In a single-dose pharmacokinetics trial in healthy volunteers, cigarette smoking (moderate CYP1A2 inducer) increased erlotinib clearance and decreased erlotinib AUC_0-inf by 64% (95% CI, 46-76%) in current smokers compared with former/never smokers. In a NSCLC trial, current smokers achieved erlotinib steady-state trough plasma concentrations which were approximately 2-fold less than the former smokers or patients who had never smoked. This effect was accompanied by a 24% increase in apparent erlotinib plasma clearance. In another study which was conducted in NSCLC patients who were current smokers, pharmacokinetic analyses at steady-state indicated a dose-proportional increase in erlotinib exposure when the erlotinib tablets dose was increased from 150 mg to 300 mg. [see Dosage and Administration (2.4), Drug Interactions (7) and Patient Counseling Information (17)].

Drug Interaction Studies

Co-administration of gemcitabine had no effect on erlotinib plasma clearance.

CYP3A4 Inhibitors

Co-administration with a strong CYP3A4 inhibitor, ketoconazole, increased erlotinib AUC by 67%. Co-administration with a combined CYP3A4 and CYP1A2 inhibitor, ciprofloxacin, increased erlotinib exposure [AUC] by 39%, and increased erlotinib maximum concentration [C_max ] by 17%. [see Dose Modifications (2.4), Drug Interactions (7)].

CYP3A4 Inducers

Pre-treatment with the CYP3A4 inducer rifampicin, for 7-11 days prior to erlotinib tablets, decreased erlotinib AUC by 58% to 80% [see Dose Modifications (2.4), Drug Interactions (7)].

CYP1A2 Inducers or Smoking Tobacco

See Specific Populations Section [see Dose Modifications (2.4), Drug Interactions (7)].

Drugs that Increase Gastric pH

Erlotinib solubility is pH dependent and decreases as pH increases.
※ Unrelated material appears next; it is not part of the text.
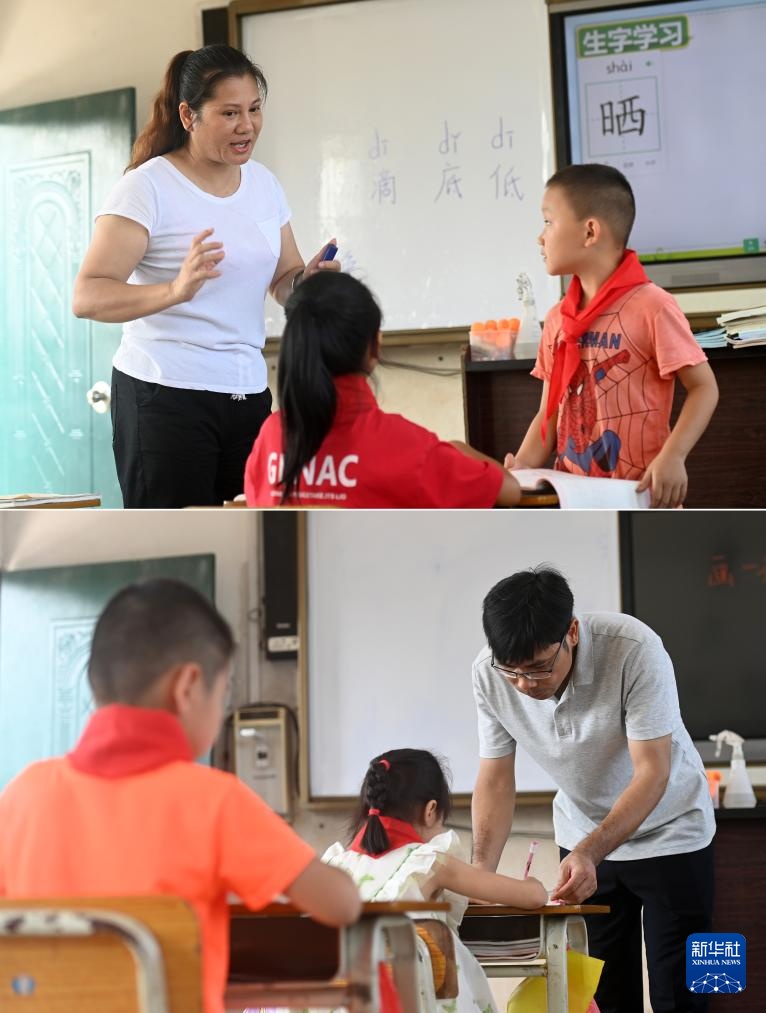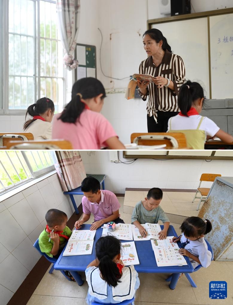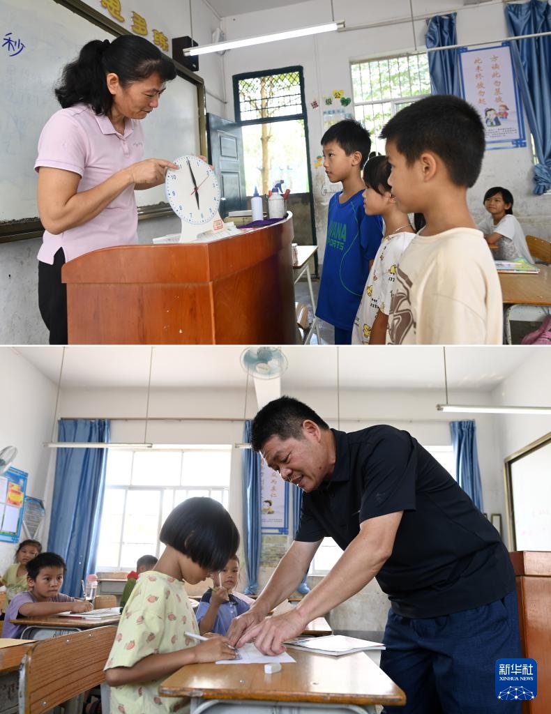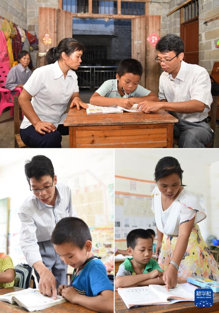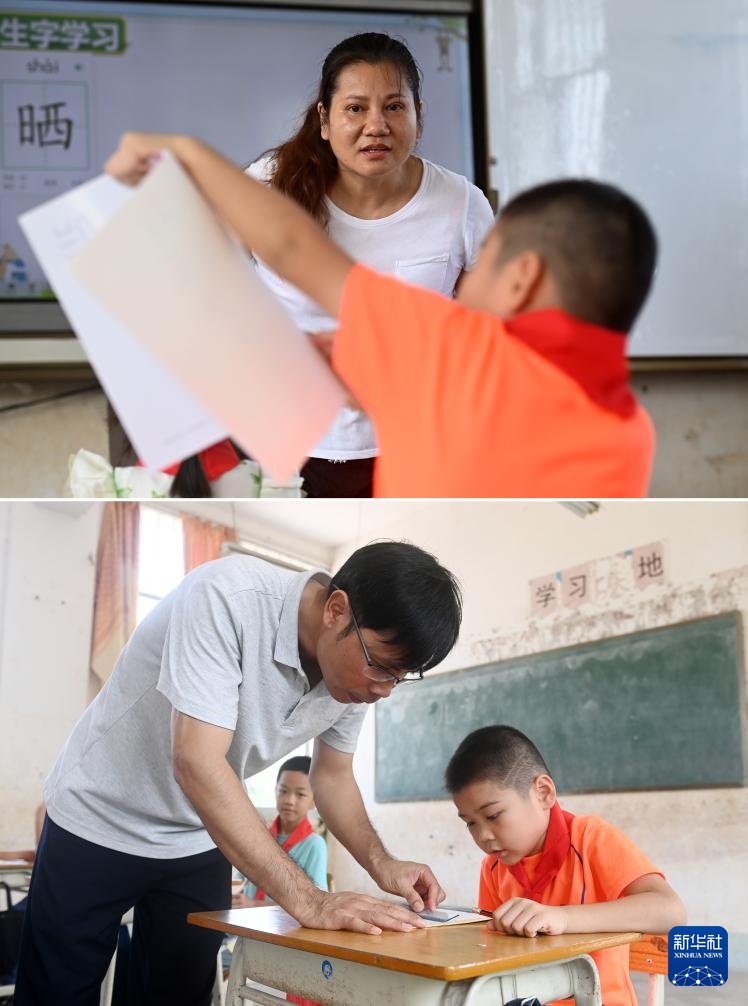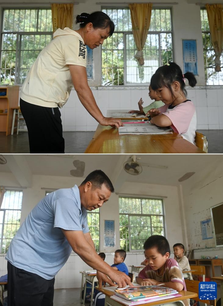 拼版照片:广西南宁市邕宁区中和镇中心学校施灵教学点,孙春英老师(上图)、何国文老师(下图)在辅导学生功课(9月5日摄)。何国文和孙春英是这所教学点的一对夫妻教师,这所教学点目前只有3名老师。

When a proton pump inhibitor (omeprazole) was co-administered with erlotinib tablets the erlotinib exposure [AUC] was decreased by 46% and the erlotinib maximum concentration [C_max ] was decreased by 61%. When erlotinib tablets were administered 2 hours following a 300 mg dose of an H-2 receptor antagonist (ranitidine), the erlotinib AUC was reduced by 33% and the erlotinib C_max was reduced by 54%. When erlotinib tablets were administered with ranitidine 150 mg twice daily (at least 10 h after the previous ranitidine evening dose and 2 h before the ranitidine morning dose), the erlotinib AUC was decreased by 15% and the erlotinib C_max was decreased by 17% [see Dose Modifications (2.4), Drug Interactions (7)].

13. NONCLINICAL TOXICOLOGY

13.1 Carcinogenesis, Mutagenesis, Impairment of Fertility

Two-year carcinogenicity studies were conducted in mice and rats with erlotinib at oral doses of up to 60 mg/kg/day in mice, 5 mg/kg/day in female rats, and 10 mg/kg/day in male rats. The studies were negative for carcinogenic findings. Exposure in mice at the highest dose tested was approximately 10 times the exposure in humans at the erlotinib dose of 150 mg/day. The highest dose evaluated in male rats resulted in exposures that were twice those in humans and exposures at the highest tested dose in female rats were slightly lower than those in humans.

Erlotinib did not cause genetic damage in a series of in vitro assays (bacterial mutation, human lymphocyte chromosome aberration and mammalian cell mutation) and in the in vivo mouse bone marrow micronucleus test.

Erlotinib did not impair fertility in either male or female rats.